Supplemental schedule of noncash investing and financing activities:

Capital lease obligations in the amount of $3,173,000 and $2,776,000 were
incurred during the nine months ended November 25, 1995 and November 30, 1994,
respectively, for equipment and software.

During the nine months ended November 25, 1995, the Company acquired, for a net
cash purchase price of $57,149,000, 20 office products distributors --including
three distributors purchased by Corporate Express Australia (formerly Macquarie
Office Limited), an Australian contract stationer in which the Company acquired
a 52.7% interest through the purchase, in May 1995, of newly issued securities
of Corporate Express Australia. During the nine months ended November 30, 1994,
the Company purchased substantially all of the assets and assumed certain
liabilities of six contract stationers for a net cash outlay of $14,960,000. In
conjunction with these acquisitions, liabilities were assumed as follows:

<TABLE> 
<CAPTION> 
                                                    Nine Months Ended
                                               ----------------------------

                                               November 25,    November 30,
                                                   1995            1994
                                               ------------    ------------     
                                                       (In thousands)
                                                         (Unaudited)

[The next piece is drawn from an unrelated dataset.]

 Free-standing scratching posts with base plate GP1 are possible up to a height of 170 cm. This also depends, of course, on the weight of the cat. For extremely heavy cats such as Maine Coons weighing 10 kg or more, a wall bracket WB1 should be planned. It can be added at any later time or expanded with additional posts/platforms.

<S>                                               <C>              <C> 
Fair value of assets required                     $125,436          $28,291     
Cash paid, net of cash acquired                     57,149           14,960
Issuance of notes payable                              -                -
Issuance of stock                                      -                245
Minority interest in subsidiary                     11,138              -
Purchase price payable, included                  
  in current liabilities                             2,708            3,877
                                                   -------          -------
Liabilities assumed                                $54,441          $ 9,209
                                                   =======          =======
</TABLE> 

In addition to the accounts set forth above, during the nine-month periods ended
November 25, 1995 and November 30, 1994, the Company paid $6,462,000 and 
$182,000, respectively, for prior period acquisitions and, in August 1994, 
purchased for $350,000 in cash and $100,000 in notes payable a 45% interest in 
an office product distributor. Of the amounts paid for prior period acquisitions
in the first nine months of fiscal 1995, $5,000,000 was related to the 
acquisition of certain assets of the office products division of Joyce 
International.

THE ACCOMPANYING NOTES ARE AN INTEGRAL PART OF THE CONSOLIDATED FINANCIAL 
                                  STATEMENTS.

                                      -6-
<PAGE>
 
                            CORPORATE EXPRESS, INC.

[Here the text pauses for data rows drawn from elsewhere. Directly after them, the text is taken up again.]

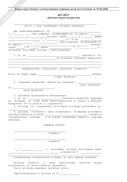 Договор хранения вещей, являющихся предметом спора (секвестр)
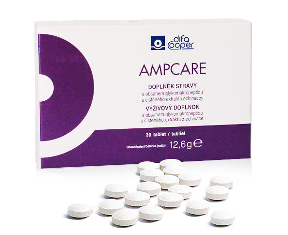 AMPcare is a patented natural food supplement containing Glycomacropeptide and pure Echinacea extract. The glycomacropeptide contains an extract from the cell walls of the fungus Candida utilis, combined with plant proteins and supported by an inorganic form of phosphate and calcium sulphate, which provide the stability needed for oral use and do not destroy in the acidic environment of the stomach. Echinacea contributes to the normal function of the immune system.
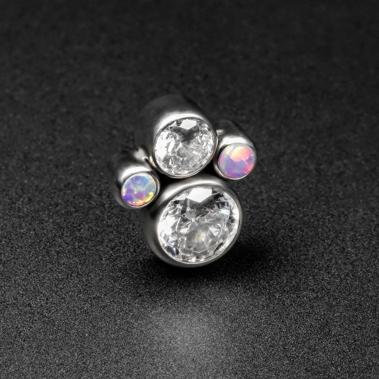 These Synthetic Opal Quad Cluster implant-grade titanium threadless tops contain the most mesmerising Flash Lavender design. ASTM F-136 titanium is the ultimate material for new and healed piercings, guaranteeing no reactions or irritation.

                        NOTES TO CONSOLIDATED STATEMENTS


NOTE 1 - BASIS OF PRESENTATION AND SIGNIFICANT ACCOUNTING POLICIES
- ------------------------------------------------------------------

The consolidated financial statements include the accounts of Corporate Express,
Inc. ("Corporate Express" or the "Company") and majority owned subsidiaries.
The Company accounts for its investments in less than 50% owned entities using
the equity or cost methods.  All intercompany balances and transactions have
been eliminated.

These financial statements have been prepared in accordance with generally
accepted accounting principles for interim financial information and with the
instructions to Form 10-Q and Article 10 of Regulation S-X.  Accordingly, they
do not include all of the information and footnotes required by generally
accepted accounting principles for complete financial statements.  In the
opinion of management, such interim statements reflect all adjustments
(consisting of normal recurring accruals) necessary to present fairly the
financial position and the results of operations and cash flows for the interim
periods presented.  The results of operations for these interim periods are not
necessarily indicative of the results to be expected for the full year.  These
financial statements should be read in conjunction with the audited consolidated
financial statements and footnotes included in the Company's Form 10-K for the
year ended February 25, 1995.

Certain of the Company's locations calculate cost of sales using an estimated
gross profit method for interim periods. Cost of sales at these locations are
adjusted based on physical inventories which are performed no less than once a
year.

Certain reclassifications from warehouse operating and selling expense to
corporate general and administrative expense have been made to the November 30,
1994  statement of operations to conform to the November 25, 1995 presentation
with respect to goodwill amortization.  Certain reclassifications have been made
to the February 25, 1995 balance sheet to conform to the November 25, 1995
balance sheet presentation.

NOTE 2 - CHANGES IN REPORTED AMOUNTS
- ------------------------------------

The Company has revised its previously issued financial statements for the three
and nine-month periods ended November 25, 1995.  The Company reviewed its
treatment of certain costs in accordance with its established policies for
acquisition accounting.  As a result of this review, the Company has
reclassified certain costs to warehouse assimilation expenses from purchase
accounting accruals.  Such classification of these costs is consistent with
recently issued interpretations of accounting literature applicable to
accounting for business combinations.

<TABLE>
<CAPTION>
                                  Three Months                Nine Months   
                                      Ended                      Ended      
                                November 25, 1995          November 25, 1995
                                -----------------          -----------------
<S>                             <C>                        <C>              
Income before income taxes:                                                 
 As previously reported               $11,850                    $23,856
 As revised                             9,789                     20,365
                                                                            
Net income:                                                                 
 As previously reported                 6,760                     13,569
 As revised                             5,503                     11,440
                                                                            
Net income per common share:                                                
 As previously reported               $   .13                    $   .29
 As Revised                               .10                        .24 
</TABLE>

                                      -7-
<PAGE>
 
                            CORPORATE EXPRESS, INC.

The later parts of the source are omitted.